=== Entries provided ===

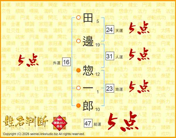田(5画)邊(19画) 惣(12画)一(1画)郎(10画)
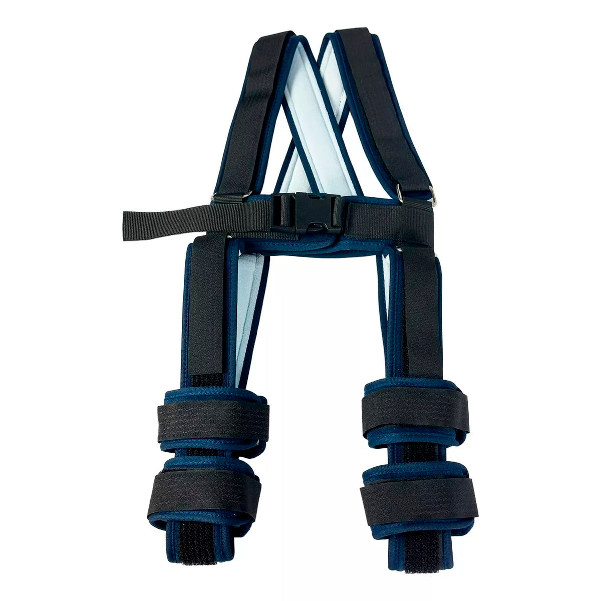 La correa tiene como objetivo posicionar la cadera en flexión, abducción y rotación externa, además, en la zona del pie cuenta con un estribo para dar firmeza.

===
=== Entries provided ===

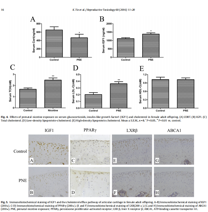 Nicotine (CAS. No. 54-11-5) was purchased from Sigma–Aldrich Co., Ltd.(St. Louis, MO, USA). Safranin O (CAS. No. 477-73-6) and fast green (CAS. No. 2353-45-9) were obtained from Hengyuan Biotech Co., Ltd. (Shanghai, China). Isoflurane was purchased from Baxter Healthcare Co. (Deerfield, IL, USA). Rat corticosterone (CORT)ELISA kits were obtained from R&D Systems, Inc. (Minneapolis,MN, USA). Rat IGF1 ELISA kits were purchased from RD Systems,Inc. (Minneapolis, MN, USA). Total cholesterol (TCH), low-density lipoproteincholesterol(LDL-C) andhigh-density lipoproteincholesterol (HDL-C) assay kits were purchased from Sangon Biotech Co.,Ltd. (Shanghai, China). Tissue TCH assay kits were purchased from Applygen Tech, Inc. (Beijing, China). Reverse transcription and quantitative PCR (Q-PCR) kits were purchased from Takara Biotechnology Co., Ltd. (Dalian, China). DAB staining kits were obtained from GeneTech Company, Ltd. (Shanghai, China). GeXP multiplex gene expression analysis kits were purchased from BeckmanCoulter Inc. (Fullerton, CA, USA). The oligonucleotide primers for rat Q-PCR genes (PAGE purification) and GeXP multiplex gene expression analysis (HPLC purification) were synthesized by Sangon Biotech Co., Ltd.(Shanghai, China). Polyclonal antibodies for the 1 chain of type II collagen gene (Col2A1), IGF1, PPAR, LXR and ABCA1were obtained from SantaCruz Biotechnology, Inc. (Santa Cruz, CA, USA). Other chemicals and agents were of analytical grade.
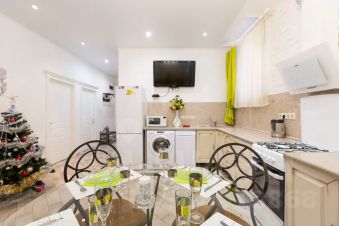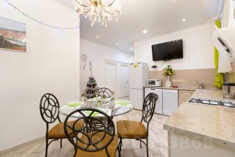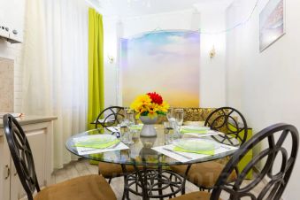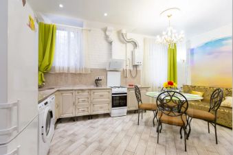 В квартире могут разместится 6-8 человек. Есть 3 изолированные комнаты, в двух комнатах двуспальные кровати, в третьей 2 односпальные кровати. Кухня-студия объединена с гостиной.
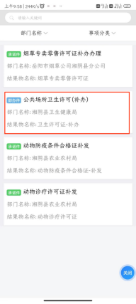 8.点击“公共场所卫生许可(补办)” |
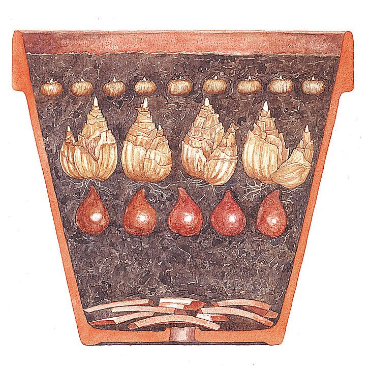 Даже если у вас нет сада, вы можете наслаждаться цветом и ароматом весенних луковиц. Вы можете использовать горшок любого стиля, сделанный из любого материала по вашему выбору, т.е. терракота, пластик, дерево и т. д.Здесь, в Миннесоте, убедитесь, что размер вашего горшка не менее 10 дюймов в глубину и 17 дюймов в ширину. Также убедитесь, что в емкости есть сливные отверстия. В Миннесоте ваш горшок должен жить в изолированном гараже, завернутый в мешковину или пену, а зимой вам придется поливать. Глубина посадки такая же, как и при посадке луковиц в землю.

===

- Problem description
Copy only these lines from the records above, exactly: the one with "田(5画)邊(19画) 惣(12画)一(1画)郎(10画)", the one with "La correa tiene", and those between. Skip the pictures.

- Exercise output
田(5画)邊(19画) 惣(12画)一(1画)郎(10画)
 La correa tiene como objetivo posicionar la cadera en flexión, abducción y rotación externa, además, en la zona del pie cuenta con un estribo para dar firmeza.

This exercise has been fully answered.